(Beginning of Data for analysis)
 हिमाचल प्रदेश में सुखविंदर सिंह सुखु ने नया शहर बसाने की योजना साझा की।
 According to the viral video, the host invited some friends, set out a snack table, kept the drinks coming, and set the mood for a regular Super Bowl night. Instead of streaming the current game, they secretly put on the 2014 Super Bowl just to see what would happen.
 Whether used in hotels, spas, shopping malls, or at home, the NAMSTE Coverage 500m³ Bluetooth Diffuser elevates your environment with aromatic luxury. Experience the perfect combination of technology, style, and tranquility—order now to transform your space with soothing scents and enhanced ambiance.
(End of Data for analysis)
(Beginning of Data for analysis)
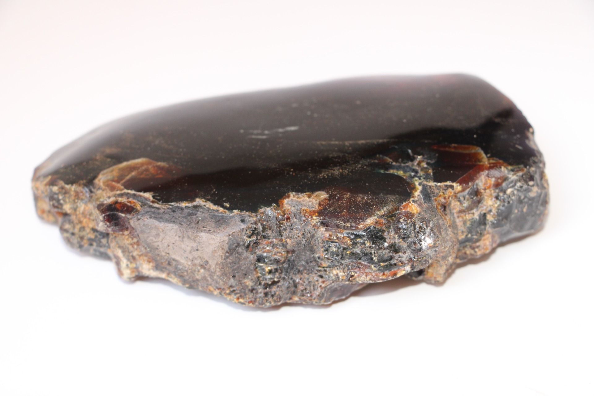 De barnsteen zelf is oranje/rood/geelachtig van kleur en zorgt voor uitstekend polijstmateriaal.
(End of Data for analysis)
▶ _Work required_:
All lines above from the line with "हिमाचल प्रदेश में" through the line with "Whether used in", both included, are to be set down exactly, with nothing else.

▶ _Response_:
 हिमाचल प्रदेश में सुखविंदर सिंह सुखु ने नया शहर बसाने की योजना साझा की।
 According to the viral video, the host invited some friends, set out a snack table, kept the drinks coming, and set the mood for a regular Super Bowl night. Instead of streaming the current game, they secretly put on the 2014 Super Bowl just to see what would happen.
 Whether used in hotels, spas, shopping malls, or at home, the NAMSTE Coverage 500m³ Bluetooth Diffuser elevates your environment with aromatic luxury. Experience the perfect combination of technology, style, and tranquility—order now to transform your space with soothing scents and enhanced ambiance.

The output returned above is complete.